Table 3.
Signature | Accuracy | AUC | 95% CI | Sensitivity | Specificity | PPV | NPV | Cohort |
---|---|---|---|---|---|---|---|---|
Clinic signature | 0.734 | 0.741 | 0.6592–0.8228 | 0.763 | 0.633 | 0.878 | 0.437 | Train |
Rad signature | 0.839 | 0.858 | 0.8007–0.9158 | 0.870 | 0.735 | 0.919 | 0.621 | Train |
Nomogram | 0.803 | 0.894 | 0.8434–0.9438 | 0.787 | 0.857 | 0.950 | 0.538 | Train |
Clinic signature | 0.655 | 0.705 | 0.5505–0.8604 | 0.628 | 0.750 | 0.900 | 0.360 | Test |
Rad signature | 0.636 | 0.822 | 0.7036–0.9398 | 0.535 | 1.000 | 1.000 | 0.375 | Test |
Nomogram | 0.782 | 0.843 | 0.7354–0.9507 | 0.767 | 0.833 | 0.943 | 0.500 | Test |
AUC: In train and test cohorts, both clinical signature and rad signature get the prefect fitting.
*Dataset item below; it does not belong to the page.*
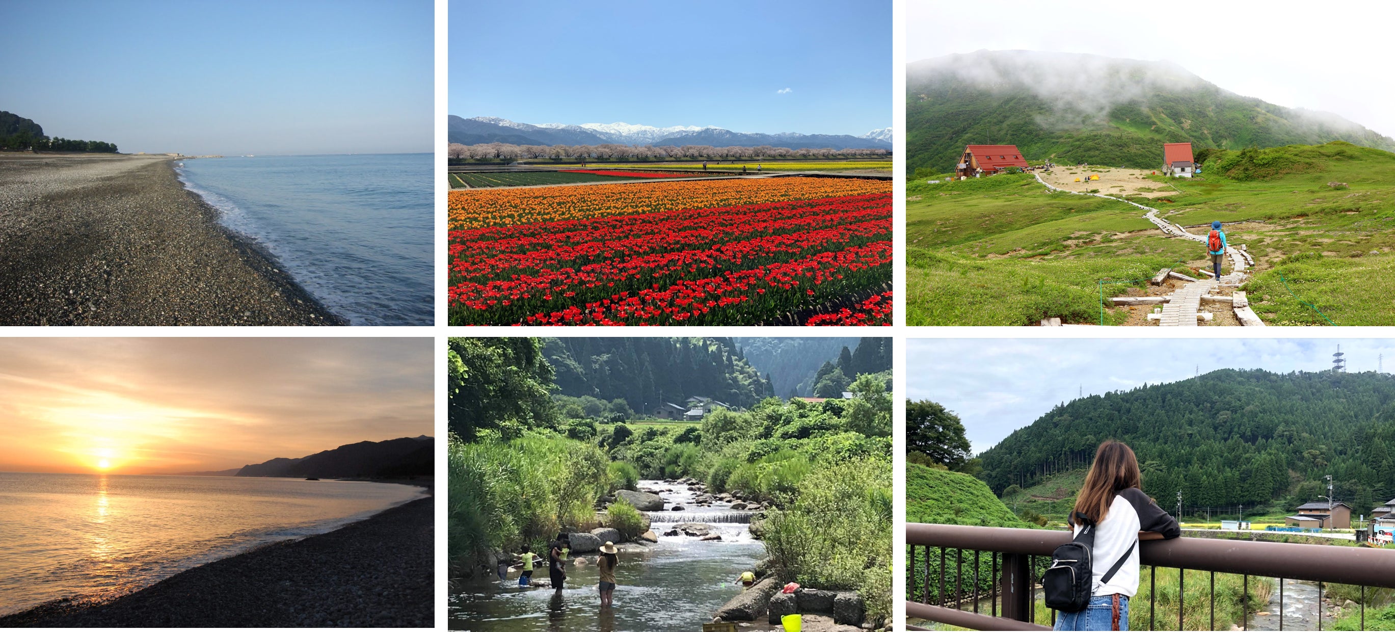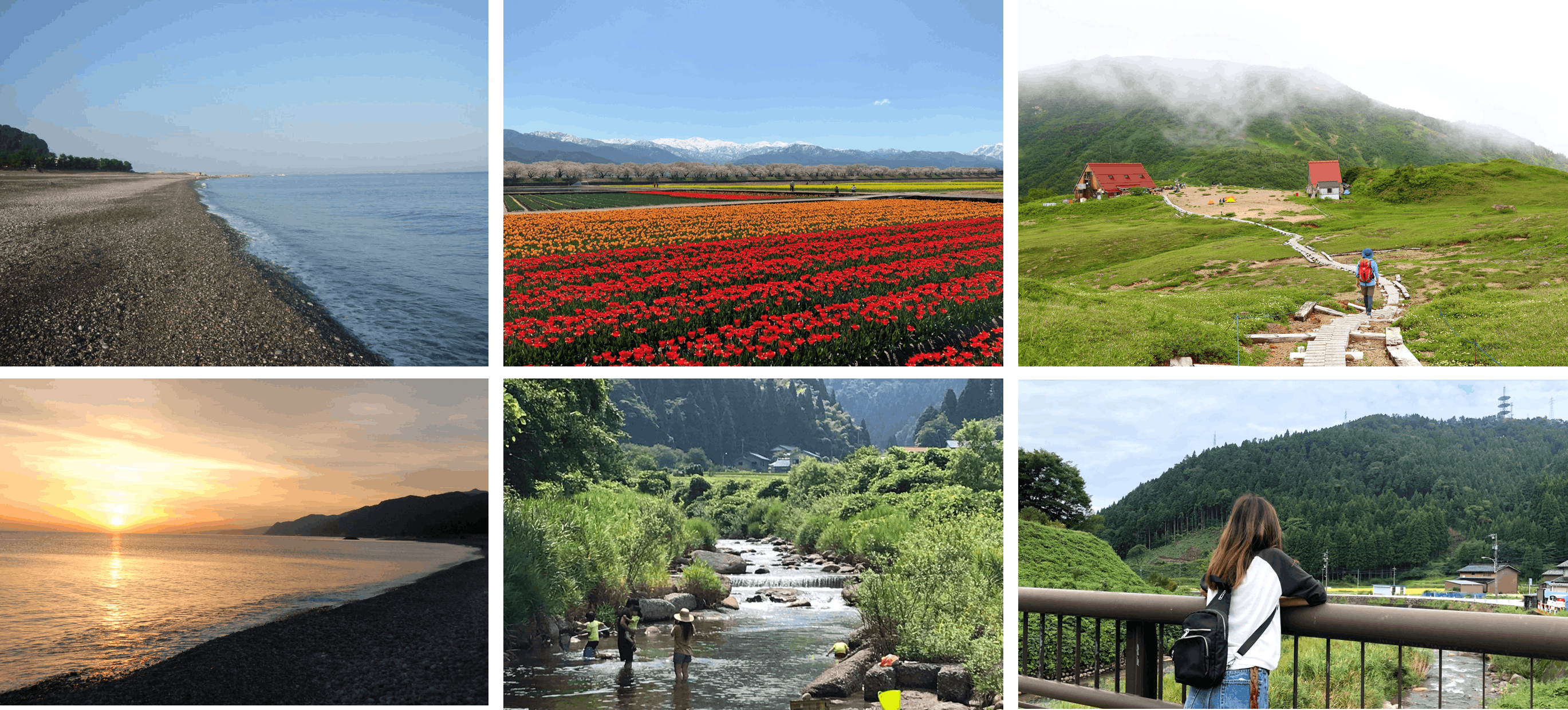 朝日町(あさひまち)は富山県の東端部にある人口1万2千人の町です。日本海(宮崎海岸)と標高3,000メートル級の北アルプスに面していて、海も山もあるとても自然に恵まれた町です。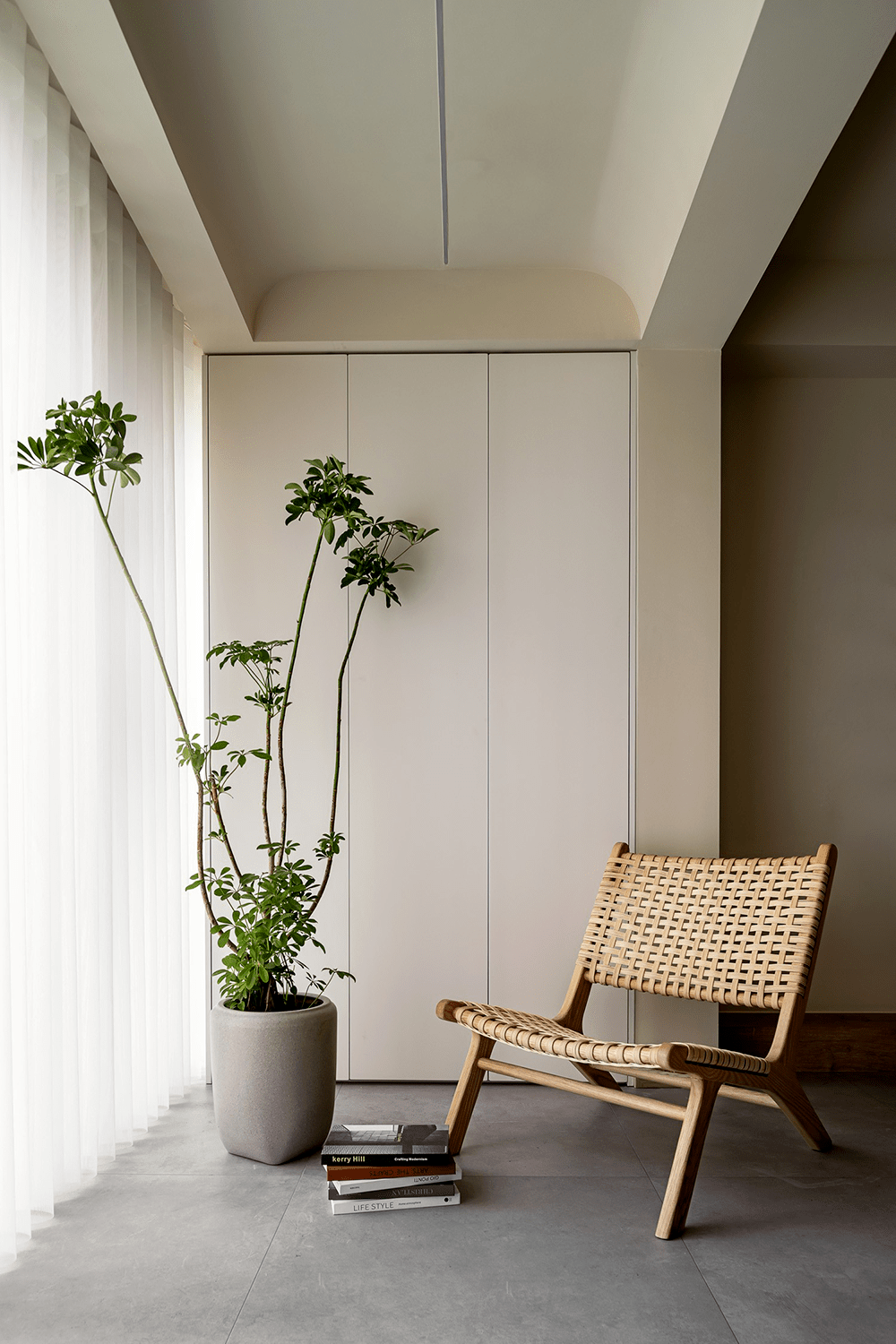 不去追求流行,也不过度的堆砌设计语汇,甚至于不去追求明亮与饱和。家的氛围是自然形成的温柔与温暖,寂声且寂色。卧室的设计延续了空间的整体风格,以简约线条和色块打造宁静自然的睡眠空间,柔软之处体现于家具单品的质感,构建身体尺度的舒适与放松。干净利落的线条在立面上充分延展空间,低调与自然尽数展现,洗净一天的疲惫,静享好睡眠。

The Nomogram using the LR algorithm was performed to combine clinical signature and rad signature, which shows the best performance.
AUC, area under the curve; LR, logistic regression; NPV negative predictive value; PPV, positive predictive value.